- **Work required**: Starting at the line holding "Print a black" and finishing at the line holding "IVECO delivers daily", transcribe the material exactly, keeping both ends but no pictures.

- **Data for review**:
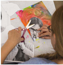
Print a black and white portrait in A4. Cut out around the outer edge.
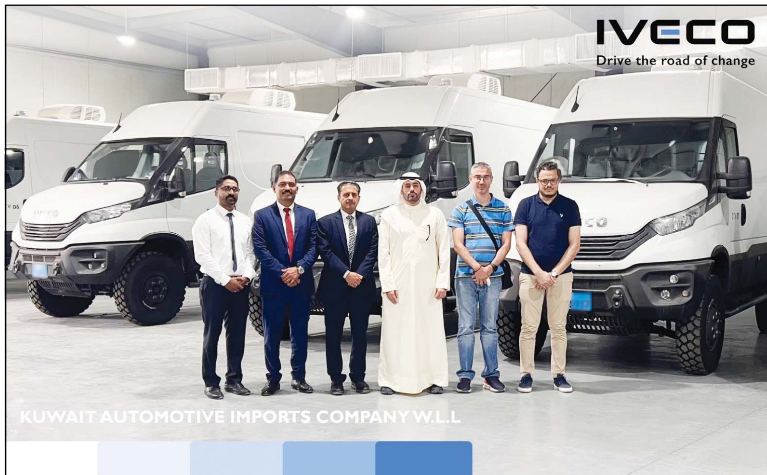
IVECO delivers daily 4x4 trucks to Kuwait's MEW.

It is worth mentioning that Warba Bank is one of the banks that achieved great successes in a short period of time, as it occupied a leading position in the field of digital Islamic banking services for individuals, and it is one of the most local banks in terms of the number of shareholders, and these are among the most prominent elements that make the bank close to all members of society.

* * *

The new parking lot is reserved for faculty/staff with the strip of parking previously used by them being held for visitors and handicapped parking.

* * *

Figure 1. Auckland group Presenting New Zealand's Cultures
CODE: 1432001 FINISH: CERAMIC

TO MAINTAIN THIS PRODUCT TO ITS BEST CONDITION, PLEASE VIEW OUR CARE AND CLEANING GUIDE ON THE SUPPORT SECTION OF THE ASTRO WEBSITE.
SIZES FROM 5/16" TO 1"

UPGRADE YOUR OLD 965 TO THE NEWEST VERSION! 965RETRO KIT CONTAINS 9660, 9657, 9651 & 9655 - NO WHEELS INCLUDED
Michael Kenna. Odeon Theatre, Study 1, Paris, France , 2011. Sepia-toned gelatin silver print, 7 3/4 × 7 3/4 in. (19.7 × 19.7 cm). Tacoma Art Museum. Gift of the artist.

- **Solution to the exercise**:
Print a black and white portrait in A4. Cut out around the outer edge.
IVECO delivers daily 4x4 trucks to Kuwait's MEW.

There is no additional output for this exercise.